Oleic acids enhance ARRDC3 mRNA expression

Next, we examined the effects of oleic acid, which induces steatosis in hepatocytes [24], on ARRDC3 mRNA expression in human hepatoma cell lines. We previously demonstrated that free fatty acids such as oleic acid and/or palmitic acid induced fat deposition in human hepatoma cell lines by Nile red stain [25]. We added oleic acid (0 μM, 150 μM or 300 μM) into cell culture medium of HepG2 or Huh7 cells. Twenty-four hours after the addition of oleic acid, cellular RNA was extracted and ARRDC3 mRNA levels were measured by real-time RT-PCR (Figure 2a and 2b). In both HepG2 and Huh7 cell lines, oleic acids enhanced ARRDC3 mRNA expression in a dose-dependent manner. Thus, fat deposition might be associated with ARRDC3 mRNA expression in hepatocytes.

 Figure 1 

Arrestin domain-containing protein 3 (ARRDC3) mRNA expressed in human hepatoma cells. ARRDC3 and β-actin mRNA levels were measured by real-time RT-PCR in HepG2, Huh7 and pancreatic cancer MIAPaCa-2 cells. *p < 0.05, compared with MIA PaCa-2 cells.

 Figure 2 

Effects of oleic acid on arrestin domain-containing protein 3 (ARRDC3) mRNA expression levels in human hepatoma cell lines. (a) HepG2 and (b) Huh7 cells. Real-time RT-PCR analyses of ARRDC3 and β-actin mRNA levels in HepG2 and Huh7 cells treated with or without 150 μM or 300 μM oleic acid for 24 hours. *p < 0.05, compared with 0 μM oleic acid.

 Figure 3 

Conditioned media from endogenous arrestin domain-containing protein 3 (ARRDC3)-knockdown-HepG2 enhances apoptosis of hepatic stellate cell line LX-2. (a) ARRDC3 mRNA expression was significantly inhibited by transfection with si-ARRDC3, compared with that of si-control. si-ARRDC3-1 and si-ARRDC3-2 indicate different set of experiments. (b) Conditioned media (CM) from ARRDC3-knockdown HepG2 enhanced LX-2 cell apoptosis, compared with that of control HepG2 cells. *p < 0.05, compared with control siRNA (si-control).

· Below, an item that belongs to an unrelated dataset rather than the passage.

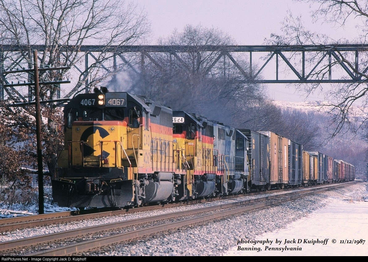 Chessie, C&O GP40 4067 leads eastbound R396 on the ex-B&O Keystone sub. The train passes under the ex-P&WV trestle over the Youghiogheny River at, Banning, Pennsylvania. November 11, 1987. Jack D Kuiphoff © photo
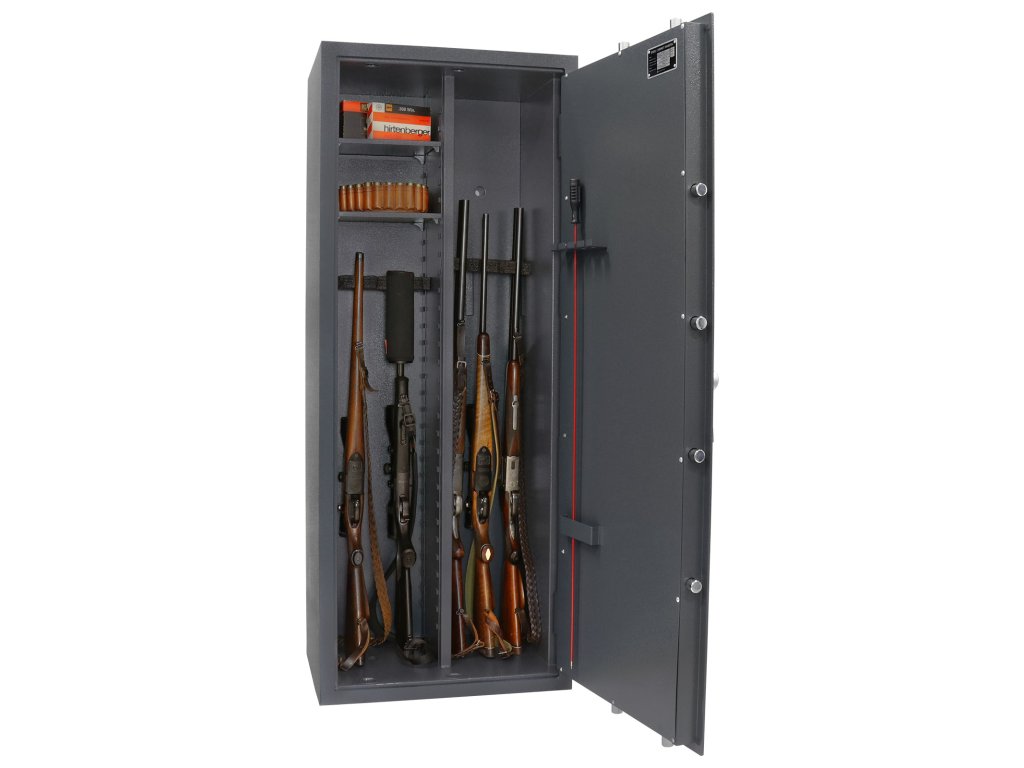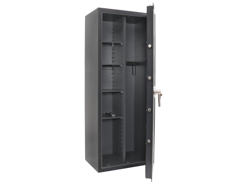 Certifikovaný trezorový zámek Bezpečnostní třída O (ČSN EN 1143-1) Pro 10 dlouhých zbraní Možnost přestavby na verzi se 4 poličkami + 5 dlouhých zbraní

Conditioned media from endogenous ARRDC3-knockdown-HepG2 enhances apoptosis of hepatic stellate cells

It is not clear whether the ARRDC3 expression in hepatocytes have any effects on human hepatic stellate cells. We investigated whether knockdown of endogenous ARRDC3 in HepG2 cells had effects on apoptosis in human hepatic stellate cell line LX-2. Forty-eight hours after transfection of siRNA into HepG2 cells, we confirmed the knockdown of ARRDC3 mRNA by real-time RT-PCR (Figure 3a). We also collected conditioned medium from HepG2 cells transfected with si-ARRDC3 or si-control, and cellular apoptosis of LX-2 cells was examined 72 hours after incubation of these media by APOPercentage apoptosis assay (Figure 3b). Cellular apoptosis of hepatic stellate cells increased after the incubation of conditioned media from ARRDC3-knockdowned HepG2 cells, compared with that from control HepG2 cells. These results suggested that upregulation of ARRDC3 in hepatocytes might inhibit hepatic stellate cell apoptosis, resulting in the progression of liver fibrosis. Although we also tried to detect apoptosis of LX-2 cells by apoptosis marker Annexin V [26], we did not see any differences more clearly (data not shown). Further studies will be needed.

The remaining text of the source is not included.